A ideia faz grandes esforços retóricos para parecer bem-intencionada, mas é uma desdenhosa ação do mercado contra a soberania dos outros. Como diz Pistor, a não ser que uma maciça distribuição de renda global preceda a essa mudança do jogo, o que se terá é entidades com grandes somas de recurso comprando e acumulando o que quiserem mundo afora. A liquidez dos muito ricos inoculou morfina no mercado.
Isso no macro, mas quando chegar no micro será a verdadeira lei da selva. Igual hoje, mas pior. Os Estados fortes, é claro, seguiriam impondo suas restrições a torto e a direito com base em segurança nacional.
Na outra ponta da nova ordem radical surge a proposta de processos políticos cada vez mais abertos e diretos. A tecnologia possibilitaria a participação constante de todos que quisessem. Os países estão cada vez mais em base digital e todas as pessoas podem ser consultadas a qualquer momento. Assim como nos mercados radicais, a ideia de direitos também seria esvaziada e reavaliada com relação ao direito do outro, a toda hora.
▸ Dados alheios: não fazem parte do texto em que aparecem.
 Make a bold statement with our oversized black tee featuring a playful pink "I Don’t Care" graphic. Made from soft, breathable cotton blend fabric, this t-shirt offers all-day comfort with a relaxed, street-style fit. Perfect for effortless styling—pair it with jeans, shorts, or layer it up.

Direitos teriam mandatos claros para atingir mudanças acordadas na política pluralista, e quando a mudança fosse alcançada, perderiam ao menos parte do seu poder. Nada será cumulativo, pois novos direitos com novos propósitos surgirão a cada dia, enterrando o direito velho.
O que ambas as propostas radicais têm em comum é o diagnóstico de que o equilíbrio atual não se sustenta, novos atores querem entrar em cena e a velocidade necessária para isso passa pela intermediação das tecnologias de comunicação que reduzam poderes estabelecidos nos Estados. Por isso a disrupção. Quem está fomentando a desordem são justamente essas tecnologias. Acreditar no altruísmo de quem entra a toda hora e lugar no seu celular exige muita fé do usuário de tecnologia.
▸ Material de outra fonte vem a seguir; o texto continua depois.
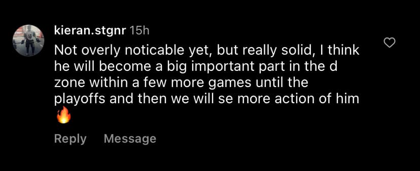 Nancy is referring to the second matchup against Winnipeg this past weekend. Not only has the defensive side of his game been noticeable but the way he can move the puck. I’m sure Connor McDavid has loved his handling of the puck thus far.
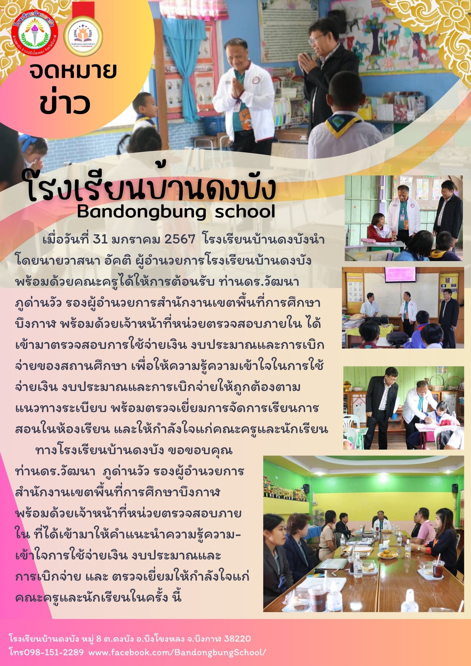 โรงเรียนบ้านดงบัง รับการตรวจเยี่ยมจากเจ้าหน้าที่ตรวจสอบภายในสถานศึกษา ปีการศึกษา 2566

Evidentemente, as mudanças reais serão caminhos intermediários entre as propostas radicais. A forma como o Banco Mundial caminha para apoiar a ideia da renda mínima universal – uma forma de criar um patamar de onde ninguém cairia – é um sinal desses tempos.
A ideia de se ter renda mínima universal é civilizadora. Já a estratégia de que a renda mínima universal substitua a maioria das políticas e ações de Estado é um verdadeiro cavalo de troia. Presente dado com má-fé é usurpação de boa-fé. O Estado precisa se reformar, mas que ninguém se engane: em todos os lugares em que há democracia, o Estado foi essencial ao desenvolvimento e à prosperidade. Poupança interna, abertura comercial, estratégia industrial, regulação, educação e saúde universal só existem onde existe Estado. Se tais ações não ajudam a aumentar a produtividade do trabalho é que a era da necessidade não chegou igualmente em todos os lugares.
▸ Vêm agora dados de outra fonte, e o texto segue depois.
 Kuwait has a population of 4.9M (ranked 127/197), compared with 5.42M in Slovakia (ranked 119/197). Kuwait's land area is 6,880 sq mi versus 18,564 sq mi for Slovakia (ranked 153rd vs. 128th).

Já está claro para os países influentes dos malefícios das turbulências com acidentes tecnológicos no século 20 e da necessidade de frear sua repetição com as tecnologias do século 21.
Os detentores de tais tecnologias precisam ser colocados sob o império da lei. Nos países fracos estão a serviço de robôs manipuladores e autocratas. Nos fortes e avançados já se discutem os limites da lei. O Estado brasileiro é fraco, não precisa ser forte, mas deveria cuidar de ser avançado.